S: 7:16pm (western time) – 11:15am (Taiwan time)
Today, I reached Taiwan. During, and after the trip, I was scared. I was unprepared. It was my first time going to an airport ….
S: 3:24am west. time
I feel very angry right now. Why? Because I can sense that no one really loves me, except my mom. When I go out into the vast city streets, I can feel ignorance, and hate. I feel that no one really cares about me. Yes, even through people interact more, they don’t interact with me. I see gold but I can’t get any, which makes me sadder. I hear loud motorcycles, cars, honks, etc, and I wonder if Taiwan is really a good place to live. In my option, Taiwan is a place of human interaction and nature. You need to feel very human to be there. It is not a place for those who need less socialization.
And, I just heard a trash car playing what? Yes, it is playing the tune of an ice cream truck. Heh, why would a garbage truck play such a sweet melody?
And I feel that people here, especally students, all seem to be “smarter” than me. They tend to have a “superior” way of living. For me, who is raised in America, they treat me as if they are smarter than me. That may be true, but do they really need to show off? A human way of living expresses human sinful attributes such as pride.
And I realized that my own parents, from my mom’s side, are not the perfect loving parent I thought them to be. My grandpa hurts others without knowing it. He ignored me when I talked to him about the superiority of education in Taiwan compared to the US. He said that I earn little money in America from working. Why would he say those things? I think he said them to hurt me. To put me down. I responded back by saying that I earn more money in the US than in Taiwan, but unfortantly, the main target of my attack, my grandpa, was in the bathroom.

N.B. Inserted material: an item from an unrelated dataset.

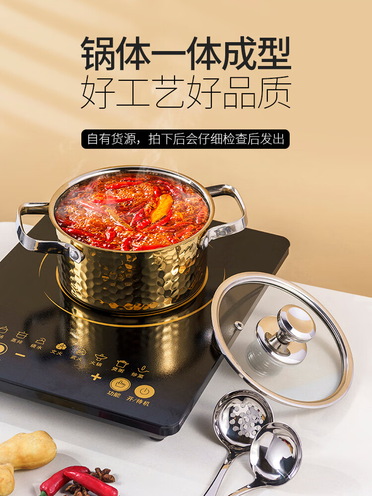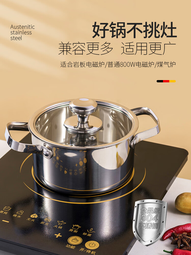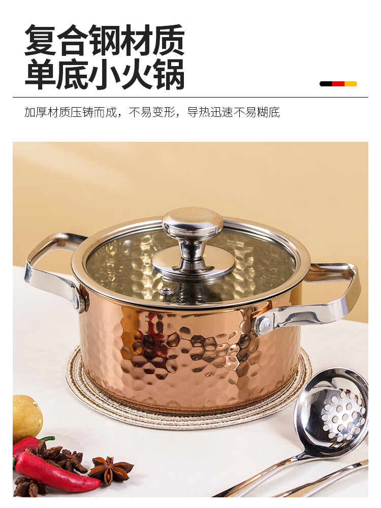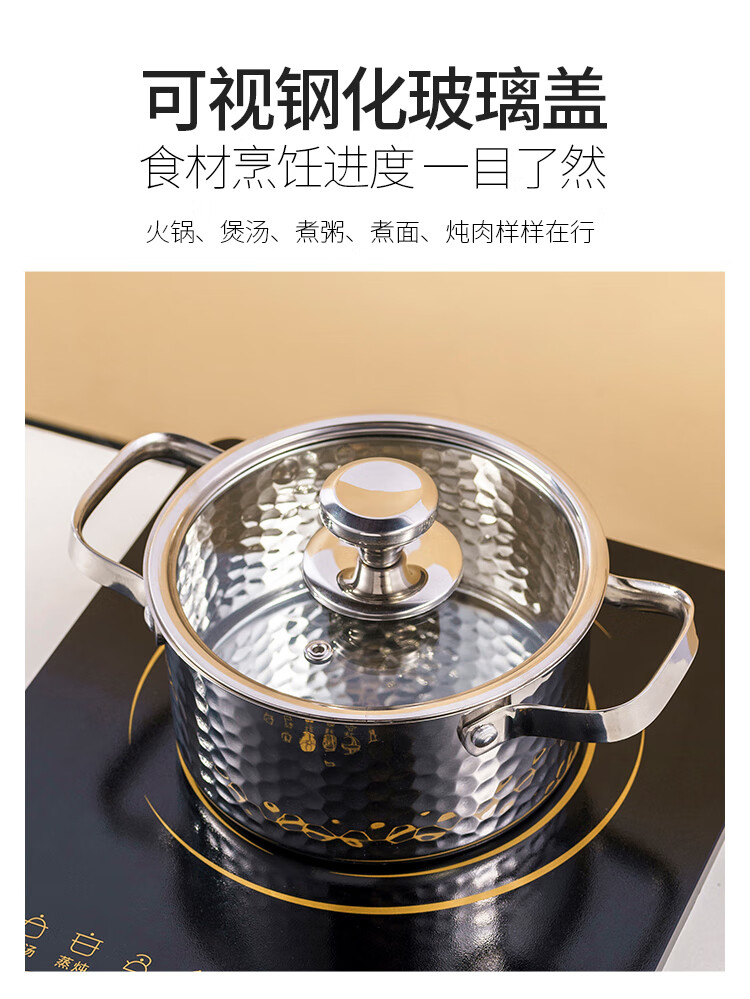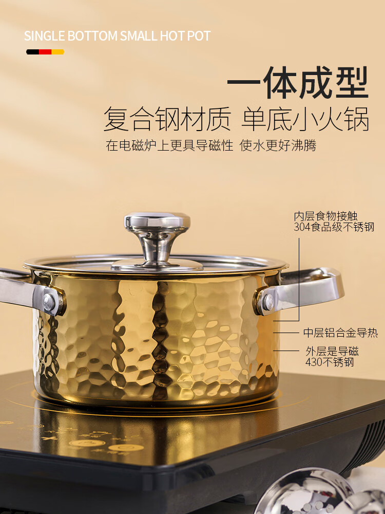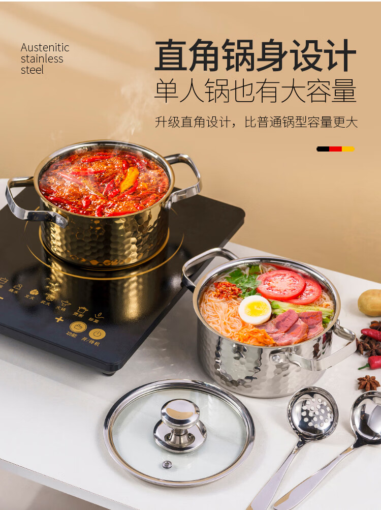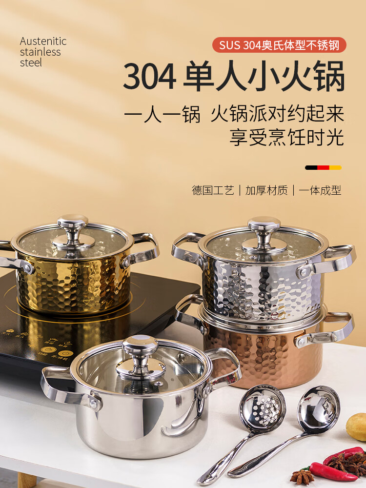 Cai Ruyi 304 stainless steel single small hot pot pot for one person, one pot shabu shabu buffet hot pot, silver light body with lid 16cm
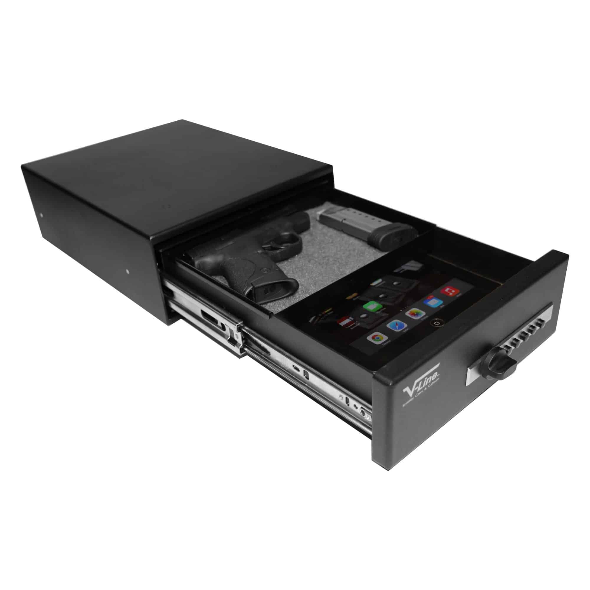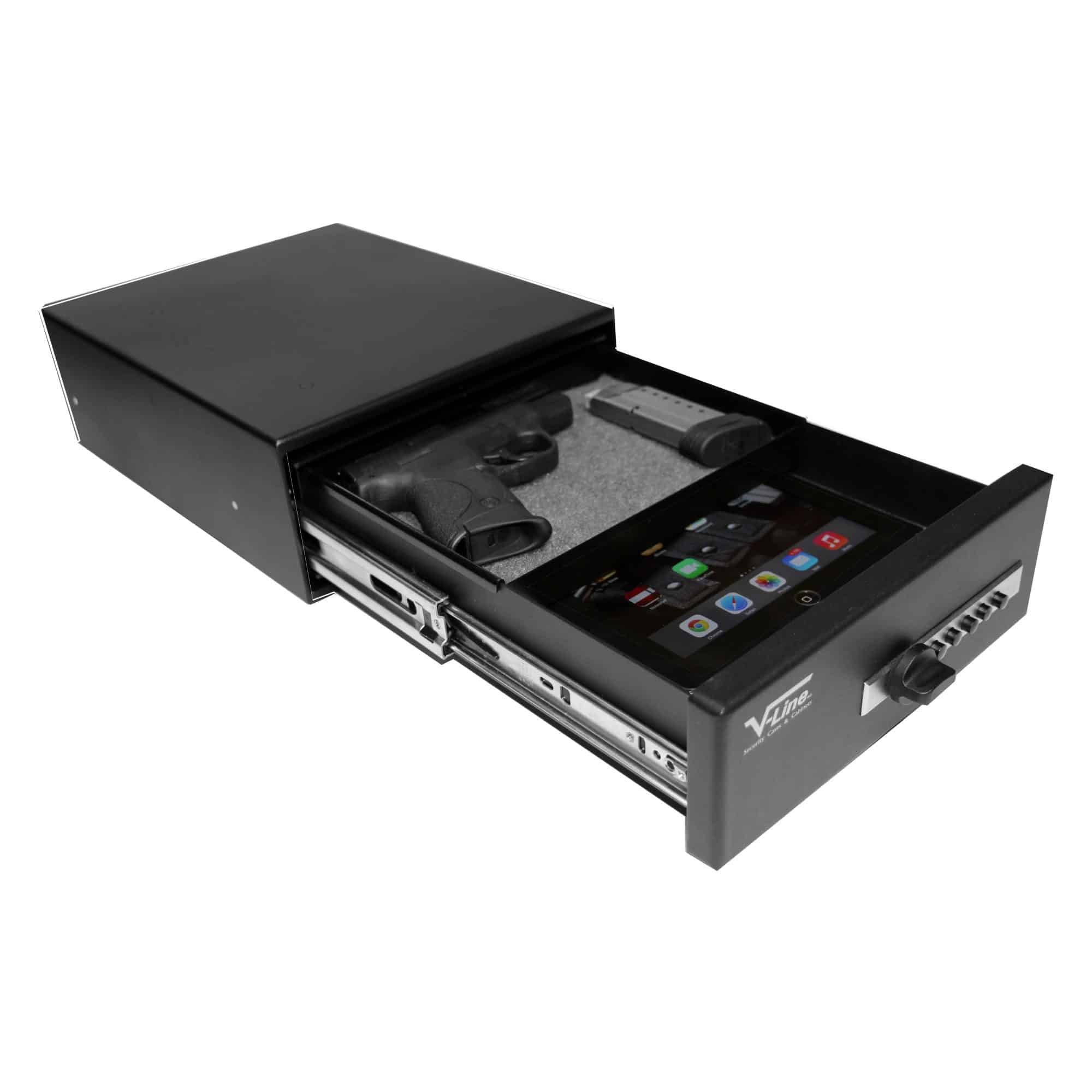 - Spacious Drawer is large enough to hold an Ipad style Tablet or two 1911 type firearms with room to spar for extra magazines.

Back to the my main journal topic, I feel humans, and thus people, love only those who deserve to be loved. And how do you deserve to be loved? By being disciplined, and useful to society. If you are not, this society will hate you. It would shun you. Even if you are needed by society, individual people may hate you. If you are not needed by society, than nobody will love you. Only a fool, and maybe your parents may stll love you. Jesus said that if you do good to one of the least of men, you did it to me. The Taiwanese society and people are guilty of transgressing this sin.